▸ **Exercise details**
Take the lines below beginning at the line that has "Hand-Tooled Western Leather" and stopping after the line that has "用天然染色体验制作蜡染的结果", and print them exactly as they are, with no other lines.

▸ **Given entries**
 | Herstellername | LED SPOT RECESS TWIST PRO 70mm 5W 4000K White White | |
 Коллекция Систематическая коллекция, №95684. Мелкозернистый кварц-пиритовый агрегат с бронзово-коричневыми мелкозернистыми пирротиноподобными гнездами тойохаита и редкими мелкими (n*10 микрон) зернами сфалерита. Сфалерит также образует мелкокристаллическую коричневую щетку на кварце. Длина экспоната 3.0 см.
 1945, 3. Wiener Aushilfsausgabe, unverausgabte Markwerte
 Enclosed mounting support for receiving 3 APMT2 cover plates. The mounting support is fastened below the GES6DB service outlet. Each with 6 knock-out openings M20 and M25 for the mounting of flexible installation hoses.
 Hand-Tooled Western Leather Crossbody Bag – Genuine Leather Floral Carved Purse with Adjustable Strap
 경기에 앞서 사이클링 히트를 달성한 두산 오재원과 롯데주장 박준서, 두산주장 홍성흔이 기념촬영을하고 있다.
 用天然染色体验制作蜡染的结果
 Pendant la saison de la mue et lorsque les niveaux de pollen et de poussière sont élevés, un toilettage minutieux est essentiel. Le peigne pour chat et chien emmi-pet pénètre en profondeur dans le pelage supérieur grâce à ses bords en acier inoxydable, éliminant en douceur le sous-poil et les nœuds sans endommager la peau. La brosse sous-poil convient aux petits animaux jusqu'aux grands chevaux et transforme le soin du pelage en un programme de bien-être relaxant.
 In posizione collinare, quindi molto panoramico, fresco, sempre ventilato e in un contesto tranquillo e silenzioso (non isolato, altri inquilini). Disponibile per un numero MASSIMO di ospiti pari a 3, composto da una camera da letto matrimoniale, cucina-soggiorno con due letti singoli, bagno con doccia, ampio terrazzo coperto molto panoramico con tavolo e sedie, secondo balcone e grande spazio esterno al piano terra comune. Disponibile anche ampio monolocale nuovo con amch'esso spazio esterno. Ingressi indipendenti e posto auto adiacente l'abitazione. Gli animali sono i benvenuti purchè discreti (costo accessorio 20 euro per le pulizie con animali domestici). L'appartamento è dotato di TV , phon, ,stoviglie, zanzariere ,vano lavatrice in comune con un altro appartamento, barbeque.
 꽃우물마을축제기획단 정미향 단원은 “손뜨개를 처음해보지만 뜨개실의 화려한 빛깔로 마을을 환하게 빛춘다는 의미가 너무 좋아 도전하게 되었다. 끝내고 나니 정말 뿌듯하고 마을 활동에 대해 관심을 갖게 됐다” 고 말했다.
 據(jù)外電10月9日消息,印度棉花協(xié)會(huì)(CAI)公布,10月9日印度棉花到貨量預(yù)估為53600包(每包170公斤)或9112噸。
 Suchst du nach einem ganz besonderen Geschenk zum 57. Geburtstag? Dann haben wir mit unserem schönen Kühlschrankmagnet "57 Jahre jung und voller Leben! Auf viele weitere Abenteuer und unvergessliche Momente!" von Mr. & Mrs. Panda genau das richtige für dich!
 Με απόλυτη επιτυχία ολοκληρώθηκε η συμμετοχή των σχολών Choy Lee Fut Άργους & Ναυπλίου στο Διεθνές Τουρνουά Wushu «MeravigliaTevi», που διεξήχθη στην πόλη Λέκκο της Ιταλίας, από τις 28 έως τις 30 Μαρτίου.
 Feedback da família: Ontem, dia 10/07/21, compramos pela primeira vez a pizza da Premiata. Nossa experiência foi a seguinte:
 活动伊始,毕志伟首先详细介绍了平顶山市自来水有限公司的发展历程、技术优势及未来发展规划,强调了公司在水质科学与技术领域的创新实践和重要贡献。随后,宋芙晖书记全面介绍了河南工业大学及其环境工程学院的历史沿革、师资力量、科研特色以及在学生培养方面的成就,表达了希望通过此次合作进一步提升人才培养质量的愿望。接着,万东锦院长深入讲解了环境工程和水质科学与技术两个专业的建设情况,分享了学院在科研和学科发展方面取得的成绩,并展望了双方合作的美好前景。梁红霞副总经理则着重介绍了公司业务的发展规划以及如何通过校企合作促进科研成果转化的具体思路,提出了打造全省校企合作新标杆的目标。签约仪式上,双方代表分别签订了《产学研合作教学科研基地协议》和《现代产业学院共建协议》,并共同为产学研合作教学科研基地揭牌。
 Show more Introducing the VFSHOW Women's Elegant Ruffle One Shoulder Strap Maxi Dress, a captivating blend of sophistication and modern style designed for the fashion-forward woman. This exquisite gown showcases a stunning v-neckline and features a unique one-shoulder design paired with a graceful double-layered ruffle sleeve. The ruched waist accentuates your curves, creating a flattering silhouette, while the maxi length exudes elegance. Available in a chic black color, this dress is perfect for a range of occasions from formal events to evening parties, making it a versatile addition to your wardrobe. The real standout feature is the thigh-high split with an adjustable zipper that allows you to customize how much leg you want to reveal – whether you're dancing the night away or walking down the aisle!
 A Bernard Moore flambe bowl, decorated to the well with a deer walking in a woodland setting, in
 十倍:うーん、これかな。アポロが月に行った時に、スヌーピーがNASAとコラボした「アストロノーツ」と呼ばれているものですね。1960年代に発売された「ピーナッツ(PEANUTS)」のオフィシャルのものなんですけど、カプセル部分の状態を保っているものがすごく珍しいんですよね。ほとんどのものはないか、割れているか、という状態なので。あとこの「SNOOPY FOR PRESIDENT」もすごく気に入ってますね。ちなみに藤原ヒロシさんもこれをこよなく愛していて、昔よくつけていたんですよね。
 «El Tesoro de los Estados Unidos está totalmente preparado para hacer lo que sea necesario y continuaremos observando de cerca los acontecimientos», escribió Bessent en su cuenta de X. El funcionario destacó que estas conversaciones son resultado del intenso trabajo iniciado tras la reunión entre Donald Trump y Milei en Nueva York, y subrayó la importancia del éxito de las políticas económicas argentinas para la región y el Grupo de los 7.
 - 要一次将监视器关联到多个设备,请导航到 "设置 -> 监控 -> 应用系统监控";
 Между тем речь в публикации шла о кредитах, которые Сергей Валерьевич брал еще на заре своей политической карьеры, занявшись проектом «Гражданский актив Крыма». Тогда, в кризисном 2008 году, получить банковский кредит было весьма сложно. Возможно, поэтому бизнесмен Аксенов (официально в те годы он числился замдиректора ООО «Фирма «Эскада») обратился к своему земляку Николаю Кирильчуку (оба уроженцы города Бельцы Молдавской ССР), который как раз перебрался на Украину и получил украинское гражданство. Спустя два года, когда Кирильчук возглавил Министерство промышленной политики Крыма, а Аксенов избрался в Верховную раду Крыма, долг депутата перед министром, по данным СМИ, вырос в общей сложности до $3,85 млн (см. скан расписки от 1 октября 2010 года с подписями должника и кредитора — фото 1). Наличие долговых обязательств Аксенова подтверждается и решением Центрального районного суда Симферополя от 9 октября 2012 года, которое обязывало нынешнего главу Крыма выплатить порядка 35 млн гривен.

▸ **Reply**
 Hand-Tooled Western Leather Crossbody Bag – Genuine Leather Floral Carved Purse with Adjustable Strap
 경기에 앞서 사이클링 히트를 달성한 두산 오재원과 롯데주장 박준서, 두산주장 홍성흔이 기념촬영을하고 있다.
 用天然染色体验制作蜡染的结果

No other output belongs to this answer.